**How to complete this task**
Going through the material below, output exactly the lines from the one containing "小姜对曹丕的着迷始于一个偶然" through the one containing "뜨거운 포옹을 나누는 이승엽과 진갑용", and no pictures.

**The data**
|---|

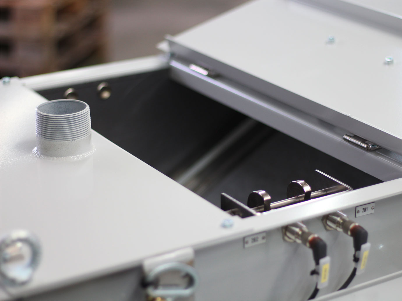 Die Flüssigkeit wird dem Filter über den Einlaufverteiler drucklos zugeführt, durchfließt das Filtervlies und gelangt gereinigt über den Auslauf in einen darunter stehenden Reintank.
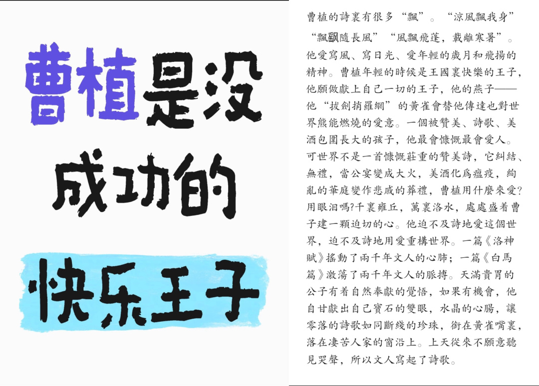 小姜对曹丕的着迷始于一个偶然。小时候读《七步诗》,她觉得“这个皇帝很坏”,直到高中无意间翻到一本曹丕的书,才发现“印象中阴鸷、善用权术的帝王,居然也能有这样真诚动人的文字。”她发现曹丕的思想“鲜丽、敏锐、细腻”,更惊叹于在那个普遍封建的年代里,他对身后事、对政权、对家庭,乃至对整个落寞时代所表现出的“超越时代的通透与豁达”。
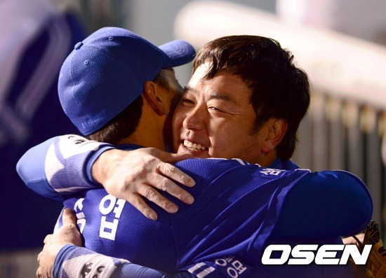 뜨거운 포옹을 나누는 이승엽과 진갑용
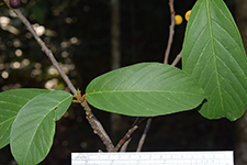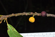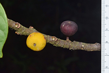 Small tree 5m tall, 7 cm diam. Fruits near end of branches. Most fruits yellow, when mature maroon colored

|---|

**Solution for this problem**
 小姜对曹丕的着迷始于一个偶然。小时候读《七步诗》,她觉得“这个皇帝很坏”,直到高中无意间翻到一本曹丕的书,才发现“印象中阴鸷、善用权术的帝王,居然也能有这样真诚动人的文字。”她发现曹丕的思想“鲜丽、敏锐、细腻”,更惊叹于在那个普遍封建的年代里,他对身后事、对政权、对家庭,乃至对整个落寞时代所表现出的“超越时代的通透与豁达”。
 뜨거운 포옹을 나누는 이승엽과 진갑용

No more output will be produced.